The offices of the Onion are directly below mine. Every morning I climb the stairs and see their door, stenciled with the green Onion logo, and I feel a pang of… what? Envy? Longing? Resentment? I want to go inside, thrust out my hand and boldly say, “Hi, I’m Melissa Gavin, and I’d really like to work for you.” Or maybe something more dramatic, like, “Hi I’m Melissa Gavin and I’d give my left arm to write for you.” No, it’d have to be something funny. “Hi, I’m Melissa Gavin and…” Huh. I’ve got nothing. Which is a problem if I want to work for the funniest mock-newspaper in the country. Anyway, this soundtrack plays in my head until I reach my office.

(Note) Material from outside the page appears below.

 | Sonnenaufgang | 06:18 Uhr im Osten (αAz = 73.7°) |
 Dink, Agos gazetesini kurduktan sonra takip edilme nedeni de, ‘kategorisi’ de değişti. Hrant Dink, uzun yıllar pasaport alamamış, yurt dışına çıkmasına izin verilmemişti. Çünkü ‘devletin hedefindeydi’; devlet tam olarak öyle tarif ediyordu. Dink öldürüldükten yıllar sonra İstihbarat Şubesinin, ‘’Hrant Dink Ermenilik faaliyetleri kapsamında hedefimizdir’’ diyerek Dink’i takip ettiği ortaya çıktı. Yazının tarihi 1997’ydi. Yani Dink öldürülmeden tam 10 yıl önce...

At which point I immerse myself in writing newsletter articles about new accounting standards and other things too boring to mention.
And then slowly my thoughts drift back to the Onion. They’re not hiring… are they? I don’t have the right stuff. They’d never hire me. I couldn’t be funny all the time. I like what I do… most of the time.
Oh shit. Oh shit. Oh. Shit. I just went to get more coffee and before I could stop myself I went downstairs, to do what I would advise any of my good friends to do. With trembling hands I opened the door to the Onion. Nobody was in the reception area. I leafed through their latest edition. I waited for a woman to get off the phone. I pretended to be really, really interested in their artwork. I felt my heart pound in my throat. I felt like a jackass. What the hell am I doing here? Will they call security? Wait this is Madison. We don't have security.
I coolly walked down to where one of the writers was typing out (no doubt hilarious) stuff on his trendy Mac in his trendy office.
And I said, “Hi, my name is Melissa Gavin, and I’ve always wanted to work for the Onion. You guys aren’t hiring are you?”
Breathe. I can’t believe I just did that. Jackass. God, I am such a jackass.
He looked surprised, and then said, “Actually, we are always looking for freelancers.” Breathe. Act natural. “You… are?” Breathe. Act… natural. Wipe sweaty palms on pants. Breathe. “Cool.” I say. Jackass. God, I am such a jackass.
We chatted a bit, he gave me his card. “Do you write for a living?” He asked. Well, no. I said. And then “Well, yeah, I guess. More serious stuff, newsletter articles and things. And I have a blog. But, I don’t know if it’s Onion caliber.” I heard myself saying. Jackass. I am such a jackass. They won’t hire me now, for sure.
Send me a few pitches, he said.
Breathe. A few pitches. I can do this. I can do this… shit. Can I do this? Maybe I’ll give it a go when my hands stop trembling.
Awesome - way to go!
ReplyDeleteYou've always been a great writer, and this would be a fantastic opportunity. You are Onion caliber.
You can do this. And if it were free lancing, you wouldn't have the pressure. Go get it daughter.